Evelyn hesitated. For the first time, uncertainty flickered across her confident reporter's face. "Even though I've never seen cases like this before. but… i trust in my guts. Something's wrong. Wrong in a way I can't explain with logic. I've covered murders, gang wars, and political scandals. But this? This feels colder."
Her voice dropped, almost a whisper. "Like the city's being hollowed out, piece by piece."
Ethan leaned back, folding his arms. "And you came to me because…?"
"Because you'll care enough to dig," Evelyn said without hesitation. "The others, they'd write it off as runaways or bad records. Too little evidence, not worth the manpower. But you? You don't look away. Not when it matters."
Her words hit harder than he expected. She wasn't flattering him. Her eyes were steady almost pleading.
Ethan exhaled, glancing down at the reports again. He did feel the pull, the itch of curiosity and the sting of injustice. People don't just vanish into thin air. Something was there, waiting to be uncovered.

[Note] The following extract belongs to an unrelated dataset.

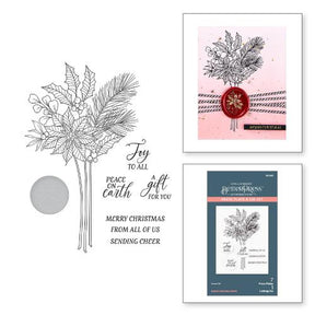 Sealed Poinsettia Stems Press Plate & Die Set is part of the Sealed 3D Christmas Collection. It is a set of seven press plates and one thin metal cutting die. The largest plate is a lovely holiday sprig full of Poinsettia blossoms, pine needles and cones, along with some holly berries. The other plates are sentiment options in a line format or fits in a seal circle die, also included in the offering. Ink the plates with the BetterPress Ink to be pressed against the BetterPress Cotton Card Panel and Sheets for a crisp letterpress design.<

Before he could answer, a low voice interrupted.
"Careful, kid."
Ethan looked up. Marcus Hale had approached silently with his arms crossed as his gaze was heavy on both of them. Evelyn straightened, almost defensive.
"Marcus," Ethan said. "How much did you hear?"
"Enough," Marcus replied, stepping closer. He picked up one of the files skimming through it then set it back down. "Disappearing people, no evidence, no witnesses. I've seen a dozen of these in my career."
"And?" Ethan asked.
"Most of them lead to nowhere and evidence dries up fast. You could chase ghosts for months, and the trail won't get warmer."
Evelyn bristled. "So you'd just let it go? People are gone, Marcus."
Marcus turned his gaze on her, calm but unyielding. "You're not wrong. But police work isn't about chasing every whisper. It's about fighting the battles you can win"
Ethan frowned. "So you're saying ignore it?"
Marcus sighed, looking at Ethan now. "I'm saying weigh it carefully. Don't let obsession pull you into a black hole. There are hundreds of cases, all screaming for attention. You dive too deep into the shadows, you'll drown before you help anyone."
The words weren't lazy or dismissive. They carried weight, the tone of a man who had learned through bitter experience.
But Ethan's chest tightened anyway. The nightmare of his sister flashed behind his eyes. The smirk of a killer walking free. He clenched his fists under the desk.
"With respect, Marcus," Ethan said slowly, "if we look away because it's difficult, then justice fails before it even begins. These people deserve someone chasing the shadows. Even if it's me."
A long silence stretched. Marcus studied him, his gaze sharp as if trying to see into Ethan's very bones. Then he sighed, rubbing the bridge of his nose.
"You've got fire, kid and I won't put it out. But remember son, Fire burns what it touches. Even you."
He turned and walked away, leaving the weight of his words behind.
Evelyn leaned closer, whispering, "What does he mean by that?"
Ethan shook his head. "Marcus has his own rules or whatever. That guy believes in proficiency. Would rather spend time on something 'real' rather than chasing a shadow. I can't do that."
He gathered the papers, stacking them neatly. "You're right, Evelyn. There's something here. And I'm going to find out what."
Her expression softened expressed her relief mingled with worrying . "I knew you'd listen."
Ethan slipped the files into a folder, his jaw set.
People vanish without a trace. No footprints. No signs. Just gone.
He could already feel it in his gut that this wasn't an ordinary case. It was the beginning of something darker. And if the others wouldn't dig then he would.
Without any hesitation Ethan drove a car to southwick district with Evelyn. Time is the essence here. An extra person could go missing.